THE DATA:
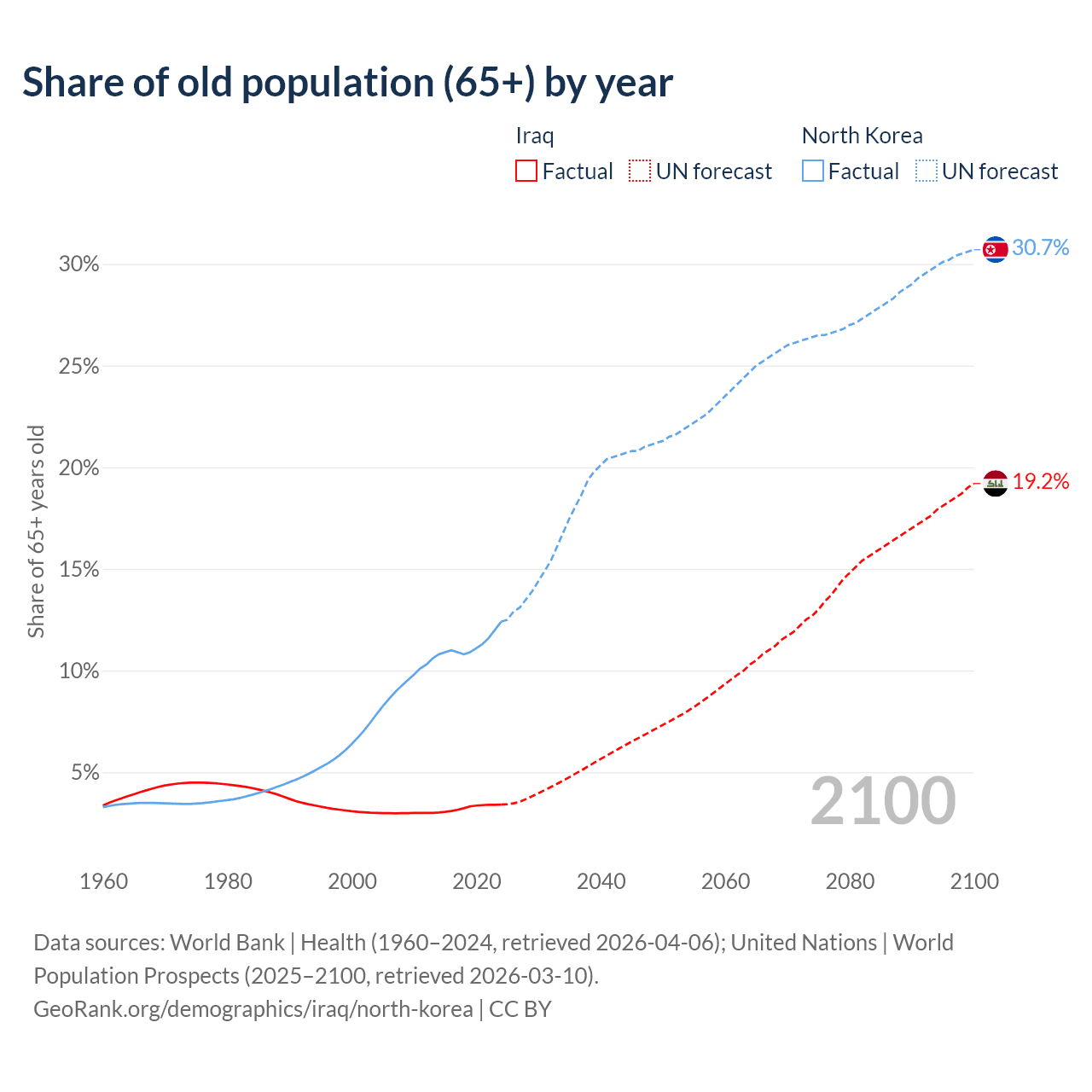 The share of older people aged 65 and over is 3.41% in Iraq and 12.4% in North Korea. Life expectancy in Iraq compared to North Korea .
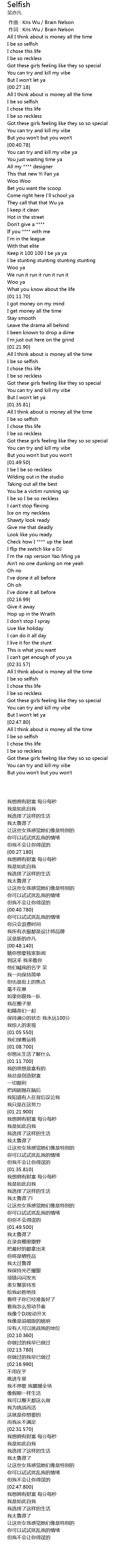 | [00:01.000] | 作词 : Kris Wu/Brain Nelson |
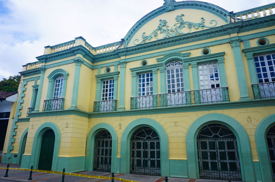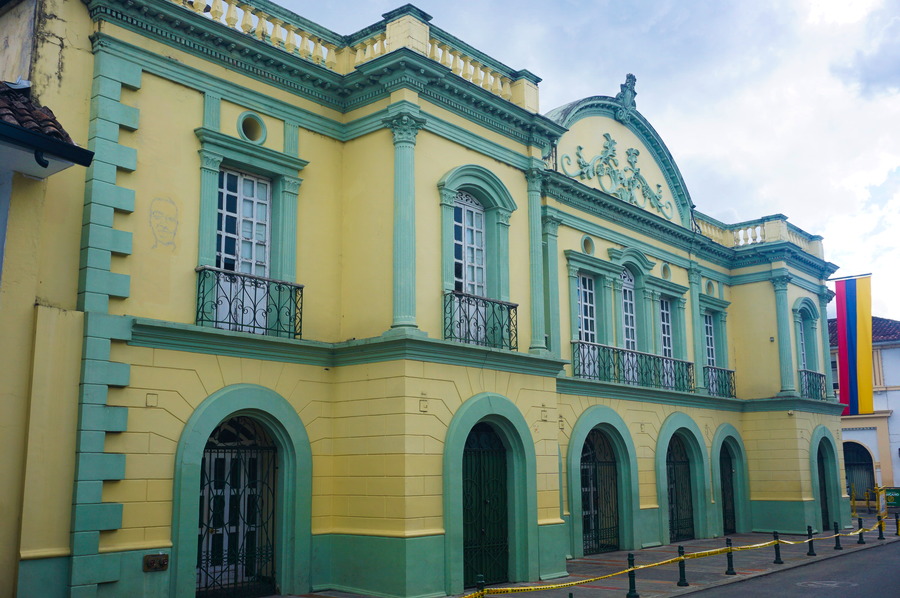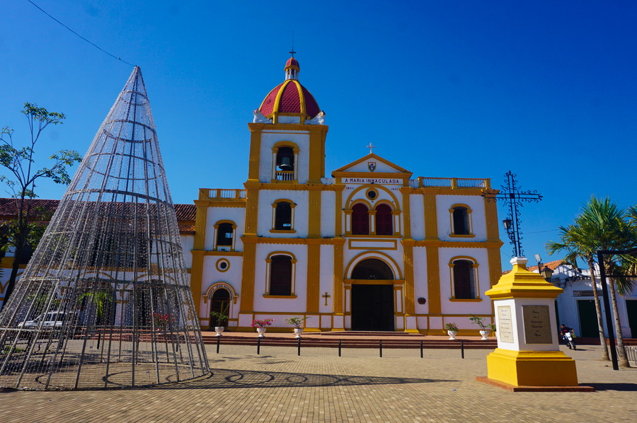 C’est la plus grande et la plus ancienne place de Cartagena. Elle s’appelle ainsi car elle est bordée par le bâtiment de la douane. Donc, si vous débarquez en bateau en Colombie via le port de Cartagena, c’est dans le superbe bâtiment blanc aux arcades qui ressemble à la Plaza Chica de Zafra que vous devrez aller faire timbrer votre passeport. Il y a même une statue de Christophe Colomb qui trône encore sur la place même si en ce mois de décembre, elle est éclipsée par les décorations de Noël. Il faut croire qu’ici on n’en veut pas trop à l’explorateur d’avoir débarqué et entamé le processus infernal de colonisation.

TASK GOAL: Write out all of the data above exactly, pictures excluded.

WRITTEN ANSWER:
 The share of older people aged 65 and over is 3.41% in Iraq and 12.4% in North Korea. Life expectancy in Iraq compared to North Korea .
 | [00:01.000] | 作词 : Kris Wu/Brain Nelson |
 C’est la plus grande et la plus ancienne place de Cartagena. Elle s’appelle ainsi car elle est bordée par le bâtiment de la douane. Donc, si vous débarquez en bateau en Colombie via le port de Cartagena, c’est dans le superbe bâtiment blanc aux arcades qui ressemble à la Plaza Chica de Zafra que vous devrez aller faire timbrer votre passeport. Il y a même une statue de Christophe Colomb qui trône encore sur la place même si en ce mois de décembre, elle est éclipsée par les décorations de Noël. Il faut croire qu’ici on n’en veut pas trop à l’explorateur d’avoir débarqué et entamé le processus infernal de colonisation.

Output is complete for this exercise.